ロームは2021年1月7日、2019年2月から建設を続けていたローム・アポロ(子会社)の筑後工場の竣工式を開催した。新工場ではSiCパワーデバイスの製造を担当する。今後、生産設備導入を進め、2022年からの稼働開始を予定している。

新棟は、地上5階建て、延床面積は約11,000m²(計画値)。

新棟は、さまざまな省エネルギー技術を用いた生産設備を導入する。使用する電力を100%再生可能エネルギーでまかなう環境配慮型の工場となり、さらに排熱を有効活用した高効率の空調設備や純水製造設備、LED照明の導入などで省エネルギー化に努めている。従来設備と比較してCO2排出量を20%(約7,000t分)低減している。

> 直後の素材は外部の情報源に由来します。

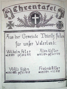 Ehrentafel: Aus der Gemeinde Thüritz fielen für unser Vaterland: (Namen/Bildchen)
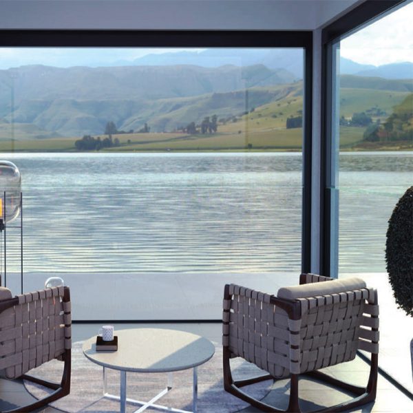 A VertiFlex All-Glass module consists of 2 panels, one movable and one fixed, and provides an uninterrupted and panoramic view, as there is no spacer between the overlapping glass panels in the system.

同社は、2010年にSiCパワーデバイス(SiC SBD、SiC MOSFET)の量産を開始して以来、フルSiCパワーモジュールやトレンチ構造を採用したSiC MOSFETの量産を開始するなど、業界をリードする技術開発を進めている。一方で、製造面においても一貫生産体制を構築し、ウエハの大口径化や最新設備による生産効率向上に取り組むとともに、モノづくりにおける環境負荷軽減に取り組んできた。

今回の新棟だけでなく、SiCウェーハを製造するグループ会社である独SiCrystal GmbHの工場も、2021年度より再生可能エネルギー使用率100%での稼働を予定しており、同工場での購入電力由来のCO2排出量はゼロとなる。これにより、SiCウエハの主要な生産工程は、すべての再生可能エネルギーを利用した環境配慮型の生産体制となる。